- [YOUR TASK] From the line with "4月26日,由伟德国际vic" through the line with "To get from", repeat the entries verbatim, both end lines included, and add nothing.

- [AVAILABLE DATA]
"""

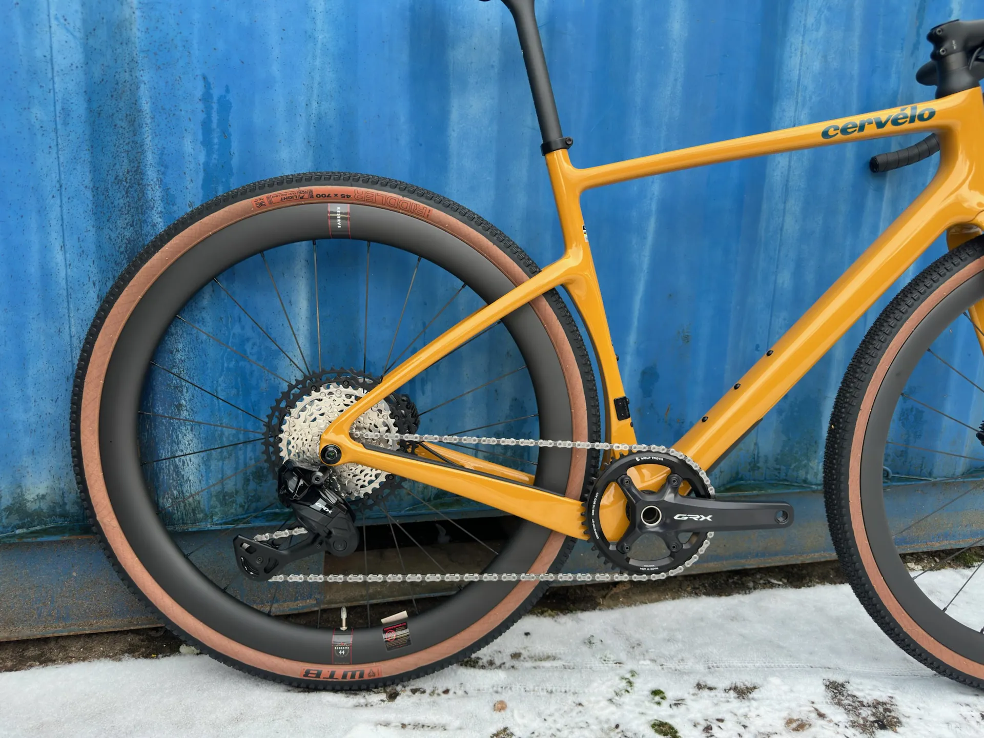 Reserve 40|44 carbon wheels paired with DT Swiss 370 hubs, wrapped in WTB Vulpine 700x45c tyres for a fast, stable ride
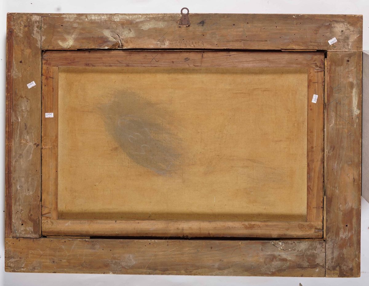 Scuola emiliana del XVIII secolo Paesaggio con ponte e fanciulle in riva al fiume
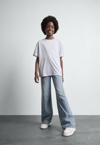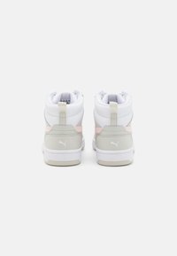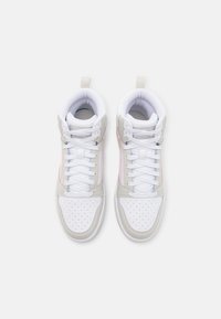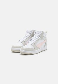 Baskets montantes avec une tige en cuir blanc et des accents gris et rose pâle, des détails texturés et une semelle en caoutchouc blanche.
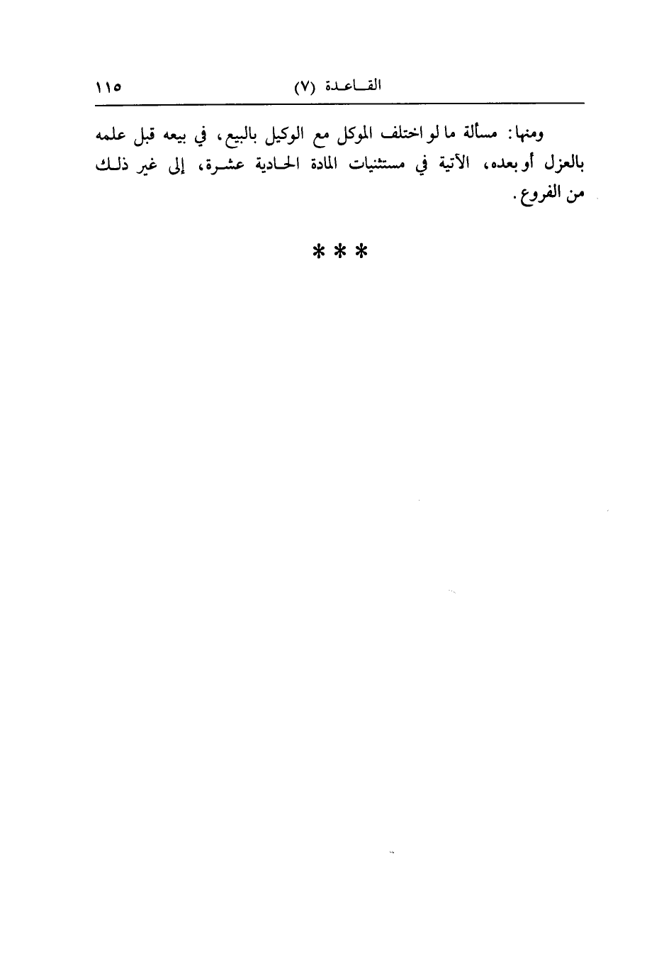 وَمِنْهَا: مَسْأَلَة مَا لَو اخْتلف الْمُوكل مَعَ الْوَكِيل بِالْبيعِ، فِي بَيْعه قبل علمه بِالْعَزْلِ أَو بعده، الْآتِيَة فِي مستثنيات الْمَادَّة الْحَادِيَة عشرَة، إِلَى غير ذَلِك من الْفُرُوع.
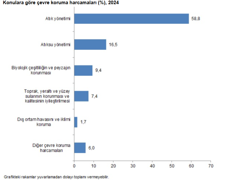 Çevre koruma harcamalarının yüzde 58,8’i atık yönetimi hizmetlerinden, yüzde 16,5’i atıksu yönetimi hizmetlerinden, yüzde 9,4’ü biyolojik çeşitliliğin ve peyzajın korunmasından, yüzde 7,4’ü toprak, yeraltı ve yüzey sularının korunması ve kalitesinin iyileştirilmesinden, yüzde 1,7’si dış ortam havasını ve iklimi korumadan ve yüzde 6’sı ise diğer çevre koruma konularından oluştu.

"""
"""

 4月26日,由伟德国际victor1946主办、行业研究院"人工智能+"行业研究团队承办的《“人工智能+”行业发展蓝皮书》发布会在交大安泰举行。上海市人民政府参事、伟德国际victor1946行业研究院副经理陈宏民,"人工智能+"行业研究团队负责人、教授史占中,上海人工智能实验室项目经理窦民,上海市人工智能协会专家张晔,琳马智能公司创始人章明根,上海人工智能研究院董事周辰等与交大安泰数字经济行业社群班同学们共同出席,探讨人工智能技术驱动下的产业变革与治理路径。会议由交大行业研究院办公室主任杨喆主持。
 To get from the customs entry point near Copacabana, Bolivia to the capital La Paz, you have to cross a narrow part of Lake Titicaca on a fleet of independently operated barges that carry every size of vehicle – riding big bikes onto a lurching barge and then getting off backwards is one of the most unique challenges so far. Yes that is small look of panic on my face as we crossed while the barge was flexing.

"""

- [EXERCISE OUTPUT]
 4月26日,由伟德国际victor1946主办、行业研究院"人工智能+"行业研究团队承办的《“人工智能+”行业发展蓝皮书》发布会在交大安泰举行。上海市人民政府参事、伟德国际victor1946行业研究院副经理陈宏民,"人工智能+"行业研究团队负责人、教授史占中,上海人工智能实验室项目经理窦民,上海市人工智能协会专家张晔,琳马智能公司创始人章明根,上海人工智能研究院董事周辰等与交大安泰数字经济行业社群班同学们共同出席,探讨人工智能技术驱动下的产业变革与治理路径。会议由交大行业研究院办公室主任杨喆主持。
 To get from the customs entry point near Copacabana, Bolivia to the capital La Paz, you have to cross a narrow part of Lake Titicaca on a fleet of independently operated barges that carry every size of vehicle – riding big bikes onto a lurching barge and then getting off backwards is one of the most unique challenges so far. Yes that is small look of panic on my face as we crossed while the barge was flexing.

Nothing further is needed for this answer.